Obviously the news today is about Nelson Mandela, as it should be.  I feel like saying anything about him other than "thank you" is unwise. Just open a window, or turn on the TV, and you'll hear a better version than any that I could write.

On to business. How can I tie this titan of a public figure in with education? Pretty easily, actually, and from my own experience.

I was in sixth grade when apartheid ended, and I was in a class that was trying something unusual. Every morning, right after the anthem, we would watch the news. It was prerecorded by our teacher on a VHS cassette with the commercials removed. He did this every morning at home, brought the tape to class, played it for us, and then we'd discuss it. Over the course of that year I watched the Berlin Wall fall, watched Eastern Europe democratize itself, watched the Soviet Union collapse, and yes, watched South Africa make maybe the biggest about-face in the history of peacetime.  It's hard to think of another year in anyone's living memory when so much happened in so many places that changed the way the world was.  1945 is the only other year that's even in the same league, I think. If you're younger than 23, understand this: 1990 wasn't a different time. It was a different planet.

Anyway. Education. The genius of this daily practice of watching the news is that no one knew at the start of the year that any of this was going to happen. All my teacher knew was that children become adults, and adults need to care about the world, and caring starts by knowing. He didn't know from day to day who would be in the news (to be fair, the same could be said for the actual people in the news). He didn't know what the lead story would be, or how it could be tied into a curriculum objective. He just knew that it mattered, and trusted that he could sort the rest of it out as he went.

I never had that sort of classroom experience before or since, and I don't know anyone outside that class who ever had it, and that's pretty sad. It was such an easy thing to do - the headlines and discussion together were usually 30 minutes - and yet that period of the day is almost the only thing I remember about that year. I remember seeing the news, and then talking about it - what does it mean? How does it make you feel? Do you think they made the right decision? What do you think will happen next? I remember being asked to think about what I was hearing and to decide if I thought it was accurate. I remember combing through political atlases at home, not because of an assignment, but because I wanted a strong mental picture of the places I was hearing about.

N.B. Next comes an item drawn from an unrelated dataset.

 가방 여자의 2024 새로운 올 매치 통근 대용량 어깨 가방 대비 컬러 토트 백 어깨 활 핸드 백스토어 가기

If you asked me what I learned from elementary school that I still use today, that's the winner. I'd struggle to even think of a second place. And so I wonder: how many sixth grade classrooms watched the news this morning, and then talked about it? How many children asked who Nelson Mandela was, or why we as a people let apartheid go on for as long as we did? I know it's not on the curriculum, but I still think it's a good conversation to have.